To install mrsFAST-Ultra, first you should fetch it from our git repository, or download one of the corresponding compressed zip/tar.gz packages. After downloading, change the current directory to the source directory mrsfast, and run make in the terminal. The mrsfast and snp_indexer binaries will be created, which are ready to use.

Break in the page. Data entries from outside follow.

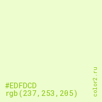 Цвет #EDFDCD в цветовой модели RGB обозначается тремя октетами (237, 253, 205) в десятичном формате и #EDFDCD в шестнадцатиричном (hex) формате, которые являются интенсивностью красного 237 (hex ED), интенсивность зелёного 253 (hex FD) и интенсивность синего 205 (hex CD).
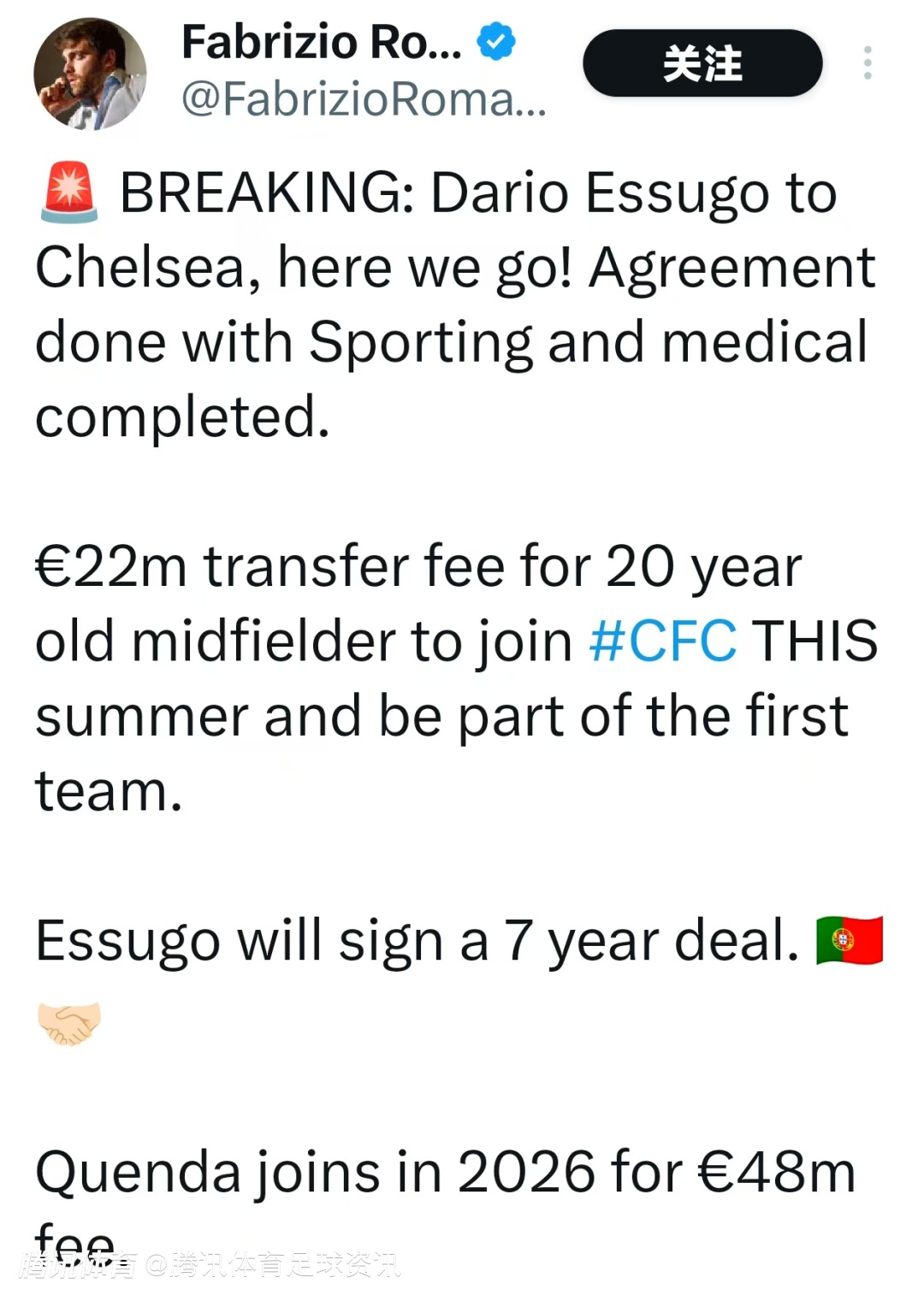 这是继昆达之后,切尔西本周与葡萄牙体育完成的第二笔交易。
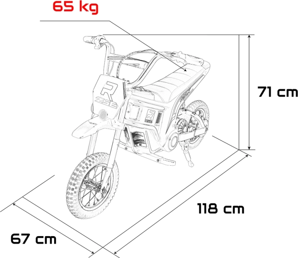 Objavte radosť z jazdy s elektrickou motorkou pre deti RZ56 Max. Robustný rám, nafukovacie terénne pneumatiky a zadný tlmič sa postarajú o stabilitu a komfort na rôznych povrchoch. S trojstupňovým nastavením rýchlosti (L/M/H) a plynulým štartom sa malí jazdci cítia isto a bezpečne.
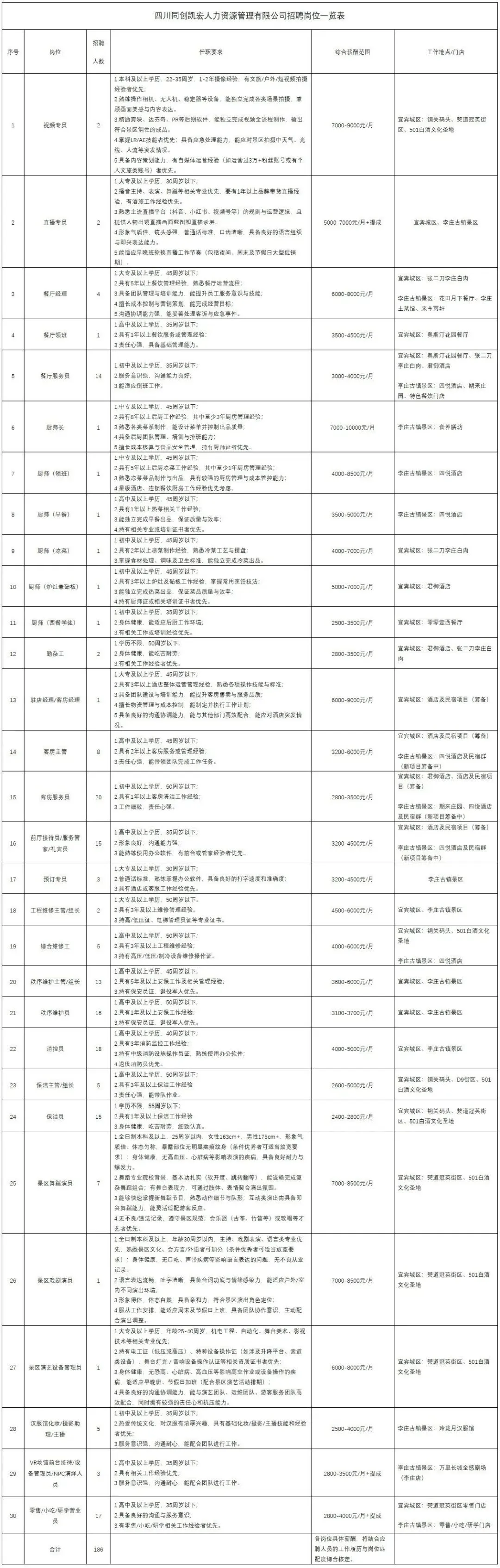 四川同创凯宏人力资源管理有限公司(以下简称“公司”)成立于2016年,专注于为客户单位提供专业的劳务派遣和人力资源管理外包服务,拥有正规的劳务派遣资质。现受宜宾翠旅投集团有限公司委托,面向社会公开招聘186名文旅一线运营岗位人员,派遣至翠旅投集团下属公司运营管理的宜宾城区僰道冠英街区、501白酒文化圣地、铜关码头以及李庄古镇月亮田景区工作。
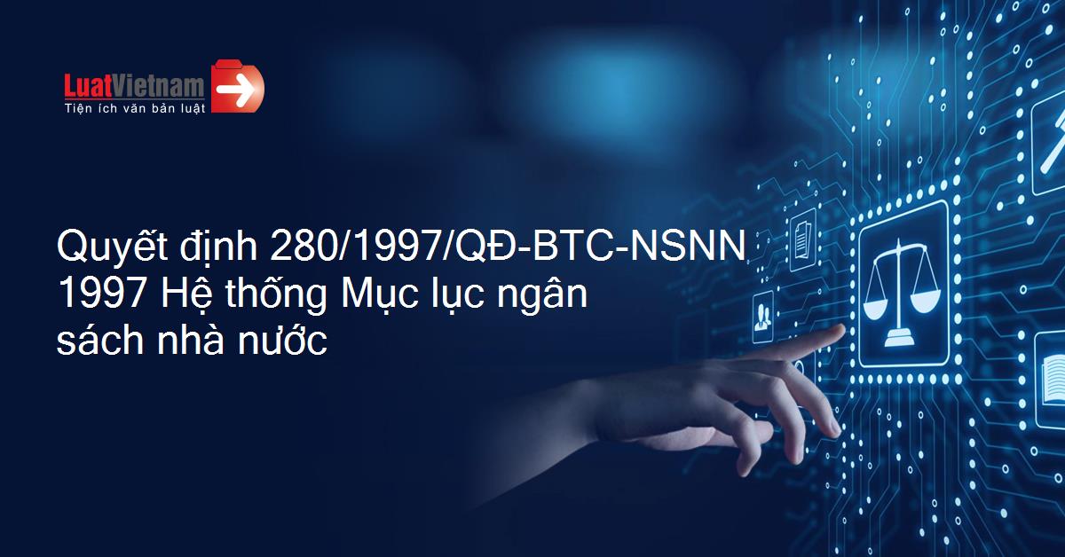 | Số hiệu: | 280/1997/QĐ-BTC-NSNN | Ngày đăng công báo: | Đang cập nhật |
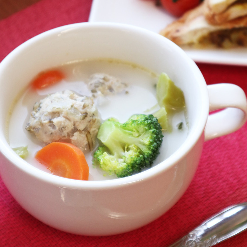 和風だしで作るクリームスープのレシピで、野菜と鶏団子が入り栄養満点の一品です。具だくさんのスープで満足感があるので、子供の朝ご飯に提供するのも良いでしょう。
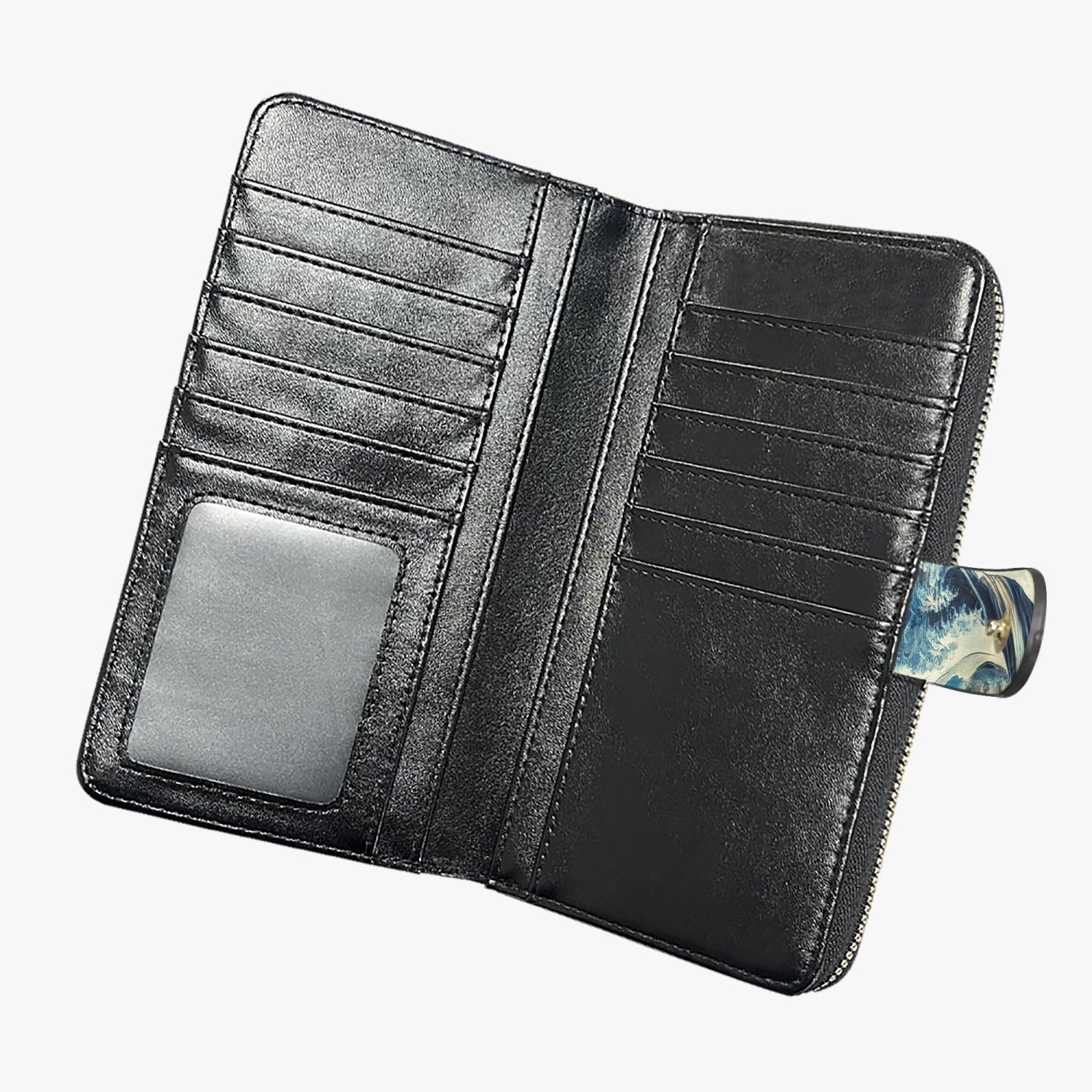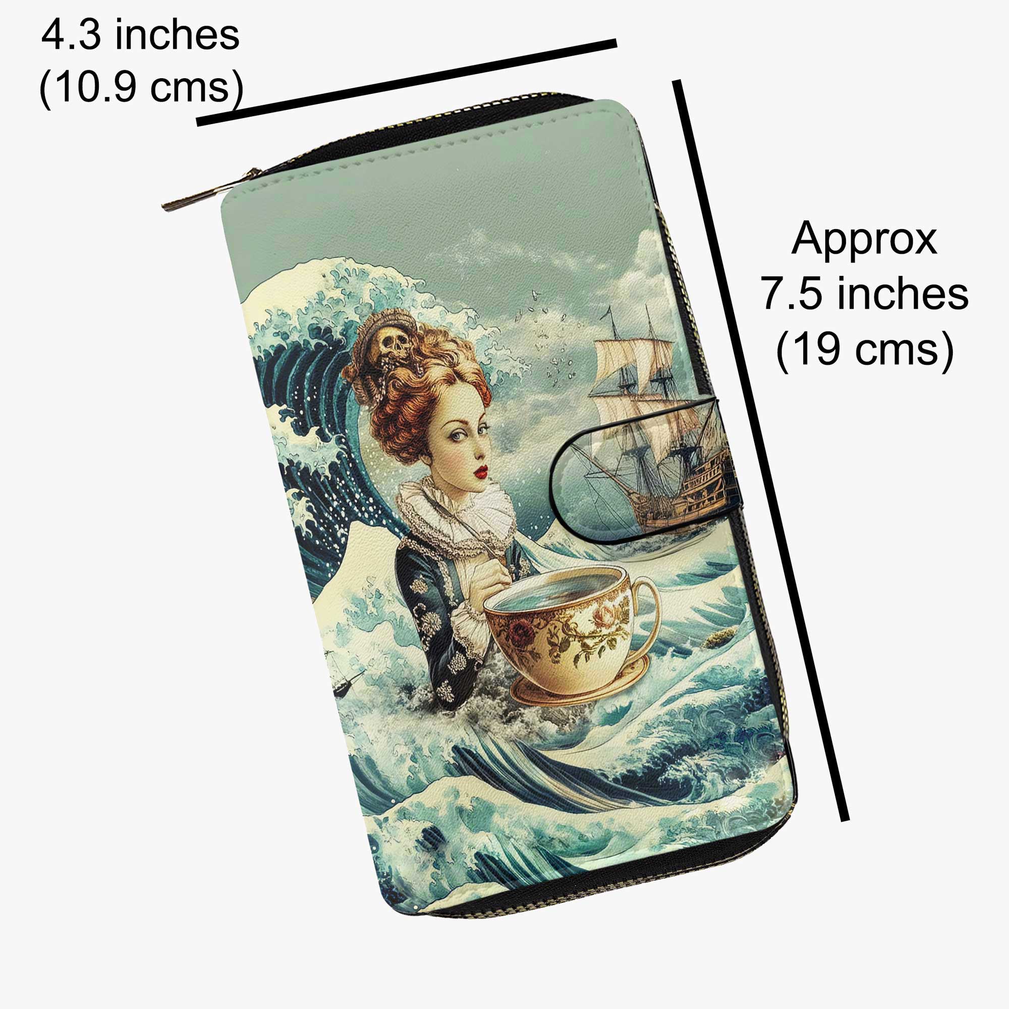For fans of alternative fashion, Steampunk, tea cups and Hokusai's Great Wave, you're sure to love our large zippered wallet.  Featuring an iconic print sure to delight with it's crazy mix of artistic genres.

git clone https://github.com/sfu-compbio/mrsfast
cd mrsfast
make

If you are interested in a particular version, after downloading the git repo, checkout the that version and do make.

git clone https://github.com/sfu-compbio/mrsfast
cd mrsfast
git checkout v3.3.0
make

Alternatively, you can go to releases page and click on the desired version and then click on download the zip or tar file, switch to directory and run make.

To grab sample data and test mrsfast, please download it from our git repository or the compressed package.

git clone https://github.com/sfu-compbio/mrsfast mrsfast/sample-data -b sample-data

Note that the current version of mrsFAST-Ultra requires 64 bit architecture and does not support 32 bit machines.


1. Indexing Reference Genome

In order to map read sequences to a reference genome, mrsFAST-Ultra first needs to creata an index from the genome fasta file. This command will create the file genome.fa.index.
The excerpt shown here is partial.